The bridge section is a leftover song by McCartney spliced in, of course.

Lennon liked wordplay. Here he was playing with the actual news articles he saw. Tara Browne was never mentioned in any accounts on how the song was written.

You may be right that the Tara Browne connection is just journalistic speculation, but it isn’t “modern day” speculation. I can remember reading about it a very long time ago, I think back in the '60s, not very long after Sgt Pepper was first released.

Two quotes from Lennon about the inspiration for the first verses:

Maybe the number of potholes corresponds to the number of seats in the Albert Hall?

Actually, this one book I’ve got on Beatles songs (published as Here, There, and Everywhere, reissued as The 100 Best Beatles Songs) pointed out one of the absurdities in this–a hole is full of nothing, so by counting the holes, the editorial writer was literally counting nothing.

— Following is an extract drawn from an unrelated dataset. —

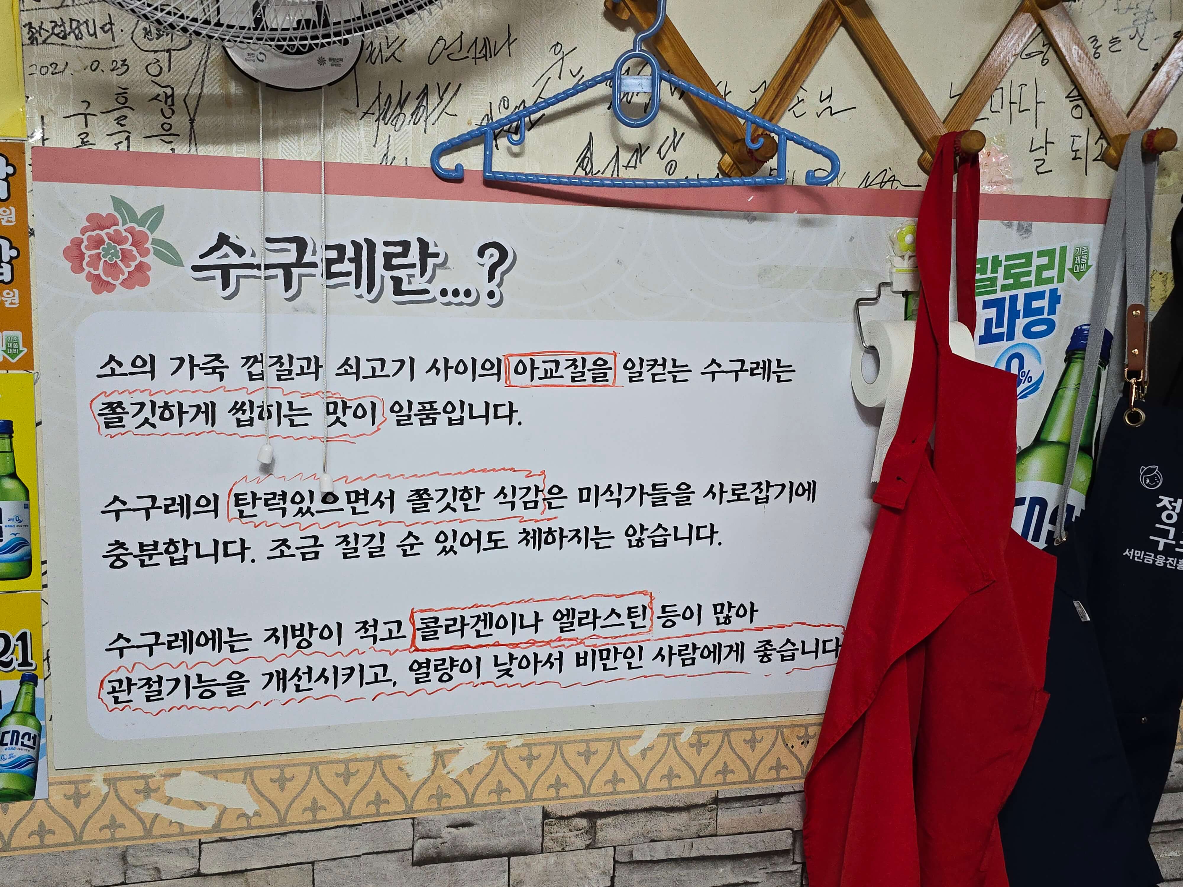 - 소의 가죽 껍질과 쇠고기 사이의 아교질을 일컫는 수구레는 쫄깃하게 씹히는 맛이 일품입니다.

In other words, people didn’t make a big deal over the death of a human being, turned away in disgust from a film about war, but literally “made a big deal over nothing.”

Am I the only one who thought that it’s a song about a drug trip?
Like Lucy in the Sky with Diamonds.
LSD was the big thing for the media to rant and rave about in 1967. And the phrase to “blow your mind” was popular,-originally meaning drug-induced, and later adapted to mean just “wow, that’s great”.

Since the lyrics to “day in the Life” are mostly nonsense, I thought “he blew his mind out” in a car meant he was doing drugs.

Or, more likely, John Lennon was doing drugs when he wrote it.

But I was a pre-teenager at the time.

Yep, that I knew.

Had the Beatles ever performed there?

Basically, I was wondering if the cost to repair the holes was somehow compared to the cost of building or renovating Albert Hall (mundane budgetary politics and all that) perhaps mentioned in the same article Lennon read?

Here’s the article:

No, they hadn’t.

The song isn’t about any one thing. But Lennon said drugs are in there, too. I mean, it’s hard to ignore that reading of “I’d love to turn you on.”